A Hollywood tearjerker or a harrowing news report, you can’t claim that being a parent makes you any more emotional – and it’s insulting for people who don’t have kids

Jonathan Dean, The Pool

We’re had a couple of conversations recently with various friends who are considering having kids, and the thing which comes up again and again is that there’s never a switch-flicked moment where you can say everything is different. Is it when you choose to try and have a kid, if you make that choice? When the pregnancy test comes back positive? The first scan? Birth? First words, first steps, first food, first night away, first favourite book, first joke; the experiences don’t stop, and that child never stops developing. But is there some kind of End of History assumption that because you’re the adult in charge, you do?

No one would discount my assertion that my experience with this film was different when watching it shortly before my father’s death, rather than if I’d watched it when it first came out, before he was even ill. But to admit that having a baby — the most mundane, bourgeois, boring and everyday event from some angles; the most missed, mourned-for, hoped-for, agonising event from another — might actually have some effect on the filter through which we view the world? Ha! No way, dude! I’m cool! Havin’ a kid ain’t never gonna change me! Art is a simple objective event with no personal experience brought to its consumption!

If your child is a healthy one/two-year-old, and you aren’t the primary caregiver (I have no idea about whether either of these is the case with the author of that piece), might I be so bold as to suggest maybe JUST MAYBE you haven’t got the final word on How Parenting Affects Everybody? That maybe your friend who’s experienced an event for longer and and in more depth than you might occasionally have something valid to say? That maybe after eighteen months you haven’t yet discovered all that caring and raising another human has to offer? That you, too, might have some developing to do, just like every other single person still kicking around the planet?

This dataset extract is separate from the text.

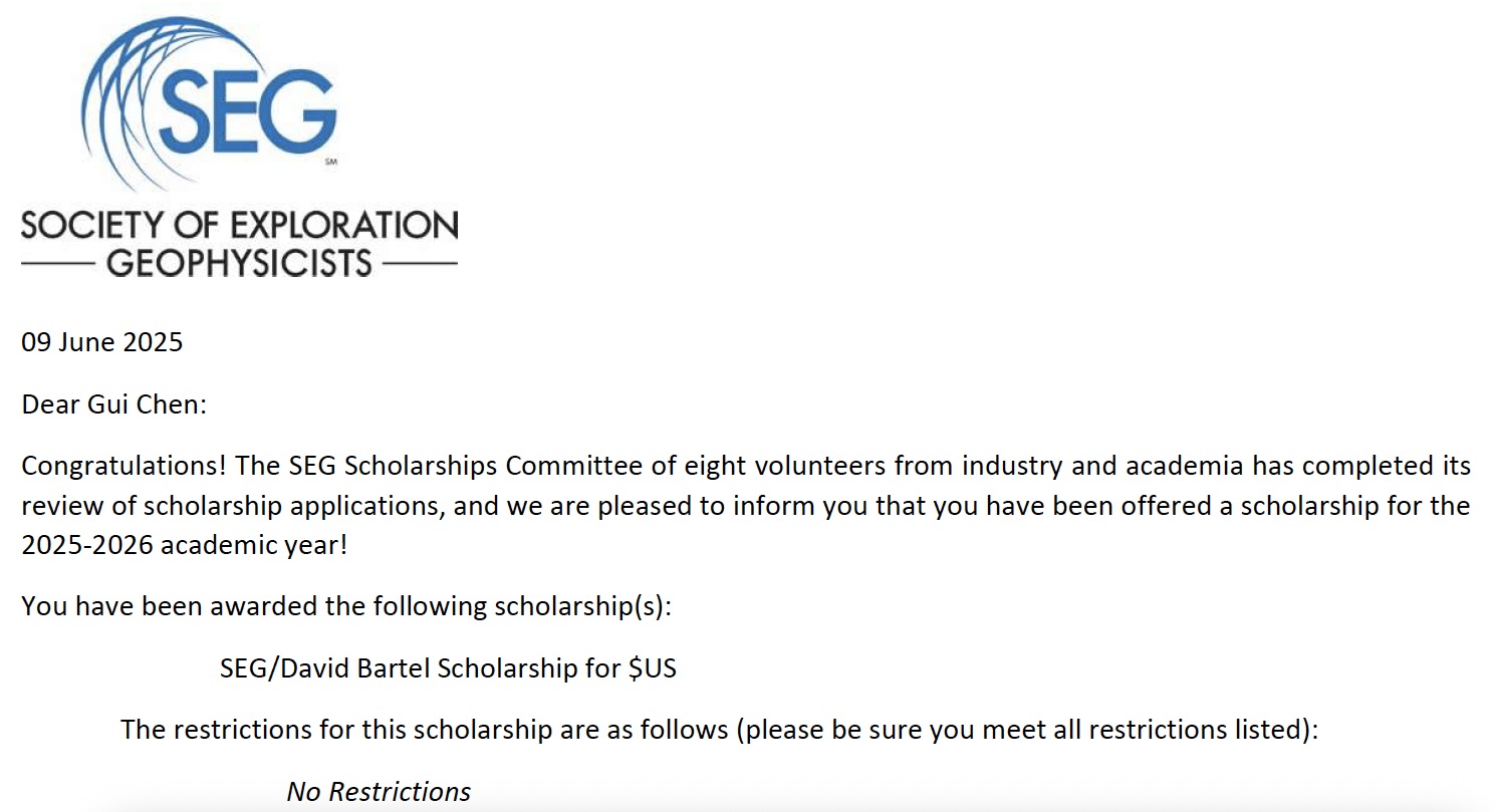 近日,地球物理学院博士生陈桂荣获2025–2026年度国际勘探地球物理学家学会SEG/David Bartel奖学金,表彰他在地球物理领域所展现出的优秀学术能力与科研潜力,亦彰显了我院在地球物理高层次人才培养方面的优质成效。

Ultimately, articles like this annoy me because a) they smack me so much of ‘I’m not like those awful parents, I’m a COOL parent’, b) son, you — just like me — don’t know shit about all the ways parenting can change you, and c) setting one set of people’s emotions against another set of people is just bad egging. We feel how we feel. It’s not tactless to say life changes us. There are no enemies here. You don’t have to win anyone round by being Just Like A Normal Person and throwing parents under the bus. No one’s saying parents experience things more, only differently. Just like it’s OK to say that a divorcée, a retiree, an orphan, a widow, might experience a piece of art differently after an event which is echoed in that art.

Either way, lazy generalisations are just the worst. As a parent, I’m uniquely qualified to judge.

My oldest friends come over for a Christmas meal, and things tumble in that December way so that it becomes only the men who can make it. At one point, they sit around the table with my husband and cheers each other, while I’m standing at the other end of the kitchen, preparing our food. I say, Are you fucking kidding me? and we all laugh, but I feel for a moment like I’ve slipped into some kind of parallel dimension, or a time warp to twenty years ago where I wouldn’t have said anything because I love them all so much. 

I go to bed so early the next night that every time I wake up and realise it’s still dark, I tumble back through the blissful blackness like I’m falling with no danger of impending impact. I feel human in the morning, so much so that I go to see Star Wars again, taking the eldest, and cry so hard at the final forest scene that I frighten the two teenage boys next to us. I realise at the climax that this film is exactly what I needed in a month of constant, expected, unnoticed emotional and physical labour, and I squeeze my daughter in the dark of the cinema, and feel such joy that she can see a world where the heroes look like black men and young women.